(Task material begins)

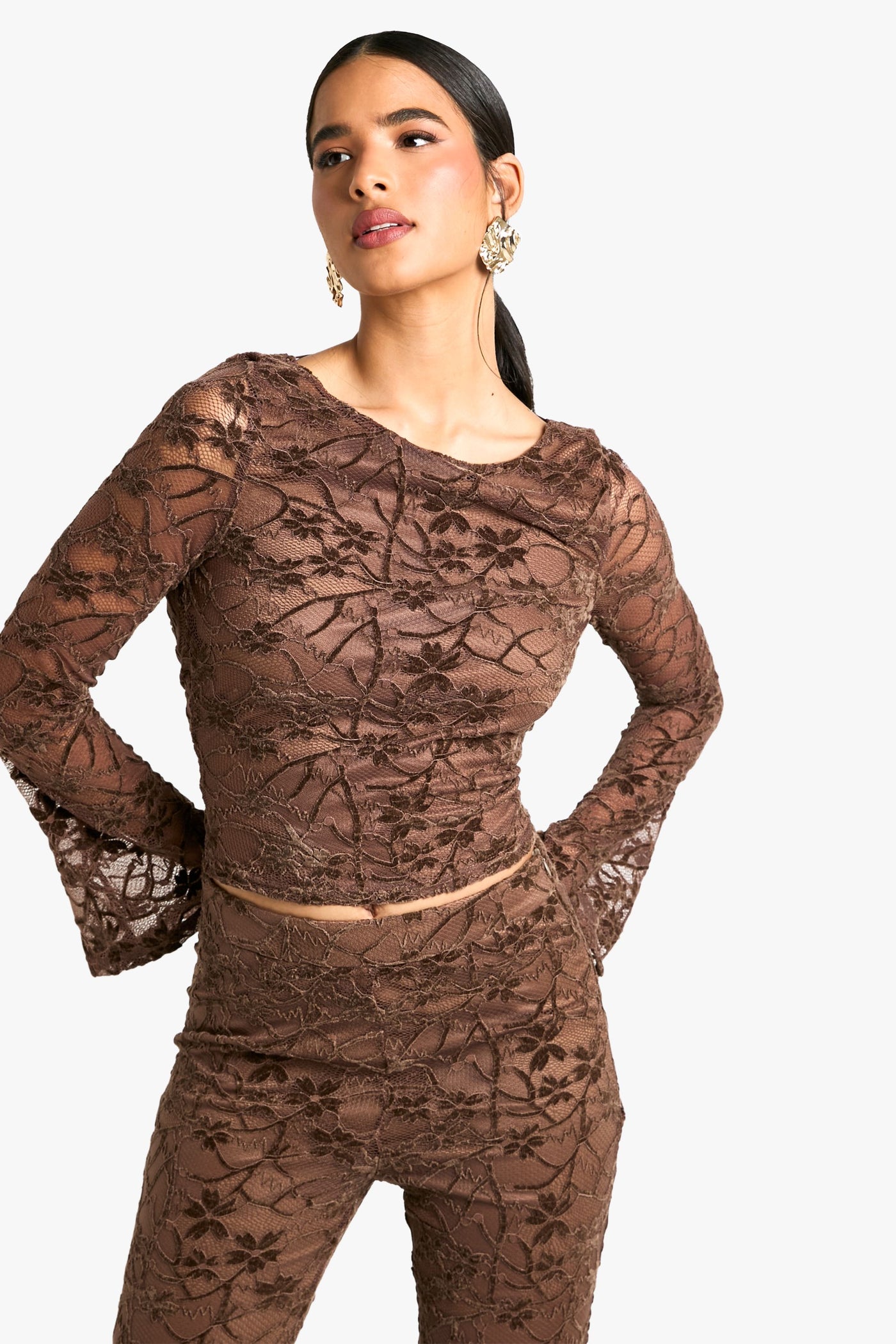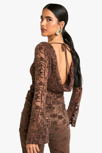 Make a statement this festive season with our show-stopping velvet top. The alluring scoop neckline and long sleeves with flared cuffs create a sophisticated silhouette, while the open back with delicate tie closure adds a touch of allure. Perfect for Christmas parties or New Year's Eve celebrations, this top pairs beautifully with high-waisted trousers or a sleek pencil skirt. Accessorise with statement earrings and a clutch bag for a glamorous evening look. For a more casual approach, style with dark-wash jeans and heeled boots for drinks with friends. The versatile design allows for endless styling possibilities, ensuring you'll stand out at any festive gathering.Discover Velvet Lace Scoop Cowl Back Long Sleeve Top available to buy online at us.boohoo.com. Available with quick delivery and easy return options. Shop now!Discover Velvet Lace Scoop Cowl Back Long Sleeve Top available to buy online at us.boohoo.com. Available with quick delivery and easy return options. Shop now!
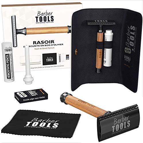 BARBER TOOLS Kit da barba Rasoio di sicurezza + Scatola da 40 doppie lame + Pennello da barba + sapone da barba 150ml + Balsamo dopobarba 30ml + Pietra di allume + Grande custodia
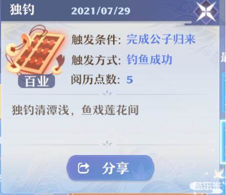 1、独钓(钓鱼成功就行,需完成神州见闻公子归来)
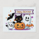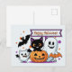 Um gato preto, morcegos, fantasmas e uma abóbora estão aqui para desejar um feliz Halloween!
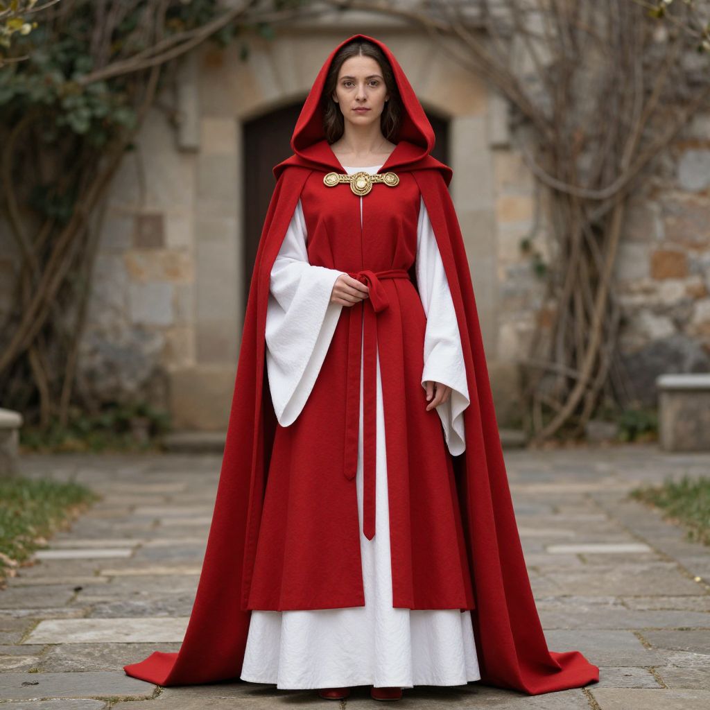 Medieval Woman in Red Hooded Robe
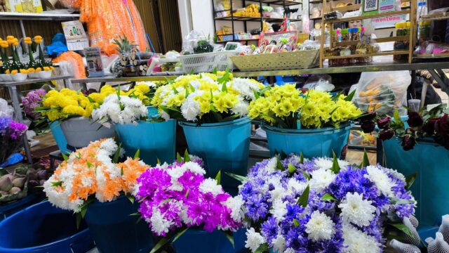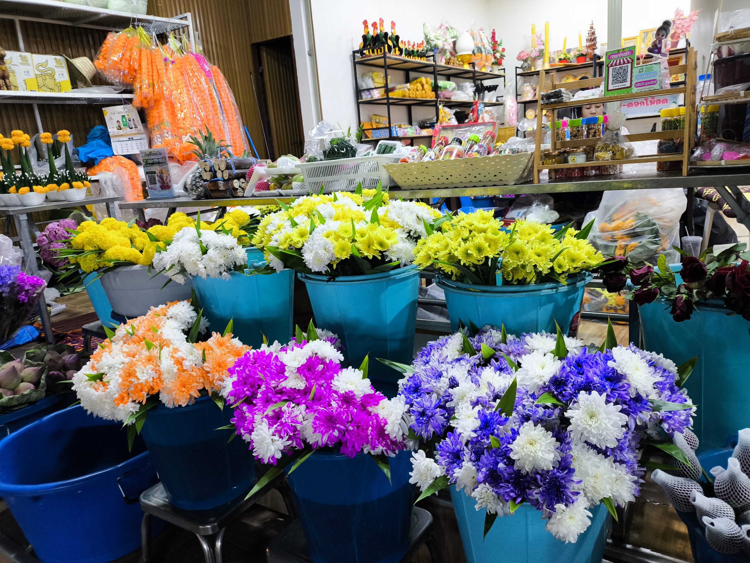 駅前市場で果物を購入後、タンブン用のお花を売っているゾーンに移動。

(Task material ends)

▶ **Work order**
Could the entries above be printed again exactly, apart from the pictures?

▶ **Written reply**
 Make a statement this festive season with our show-stopping velvet top. The alluring scoop neckline and long sleeves with flared cuffs create a sophisticated silhouette, while the open back with delicate tie closure adds a touch of allure. Perfect for Christmas parties or New Year's Eve celebrations, this top pairs beautifully with high-waisted trousers or a sleek pencil skirt. Accessorise with statement earrings and a clutch bag for a glamorous evening look. For a more casual approach, style with dark-wash jeans and heeled boots for drinks with friends. The versatile design allows for endless styling possibilities, ensuring you'll stand out at any festive gathering.Discover Velvet Lace Scoop Cowl Back Long Sleeve Top available to buy online at us.boohoo.com. Available with quick delivery and easy return options. Shop now!Discover Velvet Lace Scoop Cowl Back Long Sleeve Top available to buy online at us.boohoo.com. Available with quick delivery and easy return options. Shop now!
 BARBER TOOLS Kit da barba Rasoio di sicurezza + Scatola da 40 doppie lame + Pennello da barba + sapone da barba 150ml + Balsamo dopobarba 30ml + Pietra di allume + Grande custodia
 1、独钓(钓鱼成功就行,需完成神州见闻公子归来)
 Um gato preto, morcegos, fantasmas e uma abóbora estão aqui para desejar um feliz Halloween!
 Medieval Woman in Red Hooded Robe
 駅前市場で果物を購入後、タンブン用のお花を売っているゾーンに移動。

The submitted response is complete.